Why does all this digging up of my past and the chemical industry’s sins matter other than to satisfy my own curiosity? It matters because Stuart and Spencer, now 26 and 24, may want to have families of their own one day and I want to do everything in my power to ensure that what happened to them doesn’t happen to their own children.

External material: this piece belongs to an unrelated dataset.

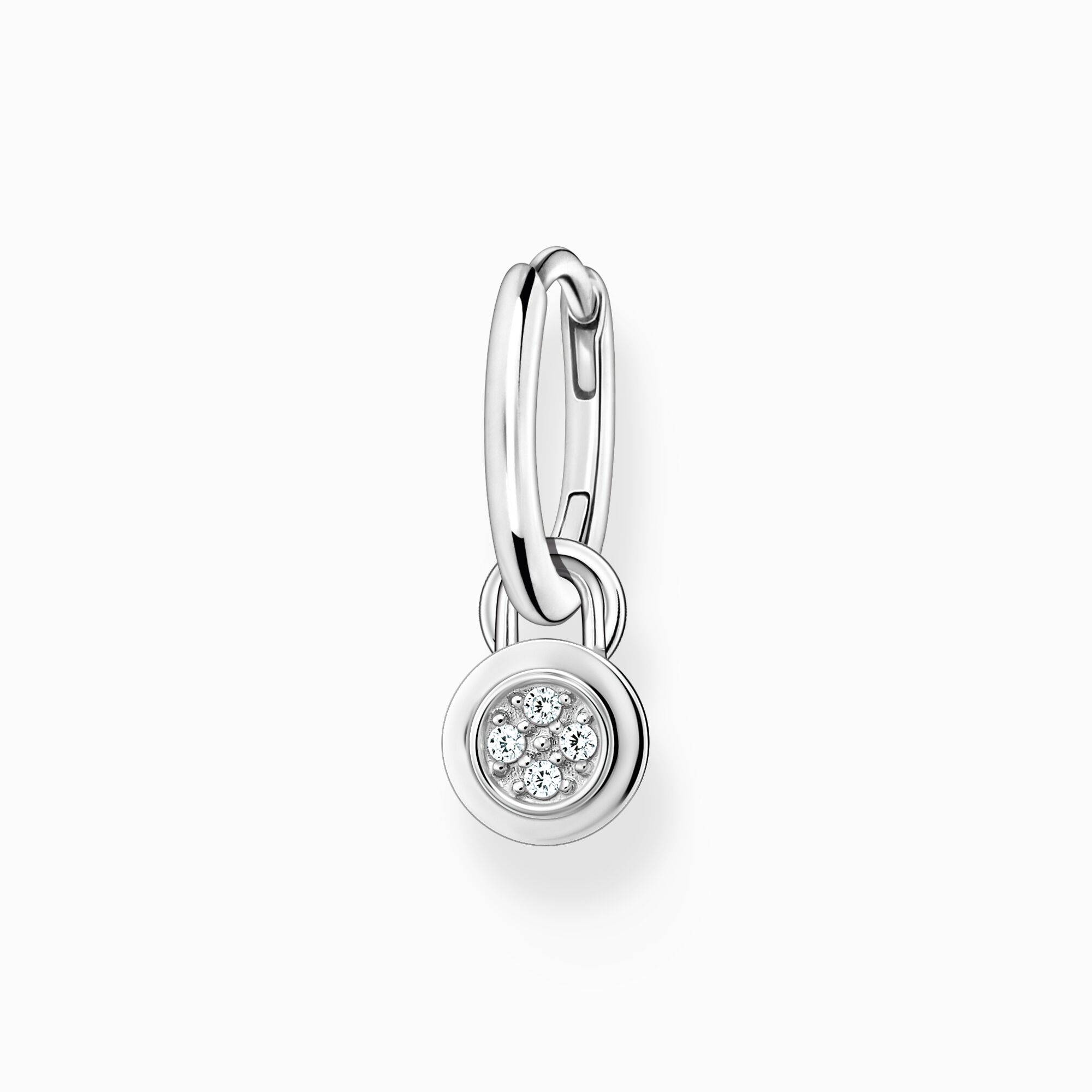 Singel-creolen är av högkvalitativt 925 sterlingsilver och passar perfekt för att skapa en egen smyckeslook. Den är försedd med en ögla, för att hänga en valfri charm i. Charmens karbinhake döljs av ett litet hänge, som är prytt med vita zirkoniastenar. Det gör att det är bara själva charmen som blir synlig i örat.

More broadly, it matters because the Trump administration is engaged is an all-out assault on the agencies charged with using independent, unconflicted science to protect our nation’s public health. Chlorpyrifos is but one example. Lead, arsenic, ozone, beryllium, silica, are others. Most recently, the administration announced it may lift a major Obama-era clean air regulation on the emission of mercury—a pollutant linked with damage to the brain, to the nervous system and to fetal development. The Trump administration should be protecting the public from known (and emerging and future) threats to our health, safety, and well-being. Instead it is loosening EPA, CDC, FEMA, NOAA, USDA, and OSHA regulations rather than enforcing or tightening them, all because the administration and many in Congress are bought and paid for by the chemical, agricultural and other big-money business interests.
The story of my family is the canary in the coal mine. I am sounding an alarm so that no one else must endure the pain and suffering that my children and I have, all because I innocently used an off-the-shelf insect spray 30 years ago.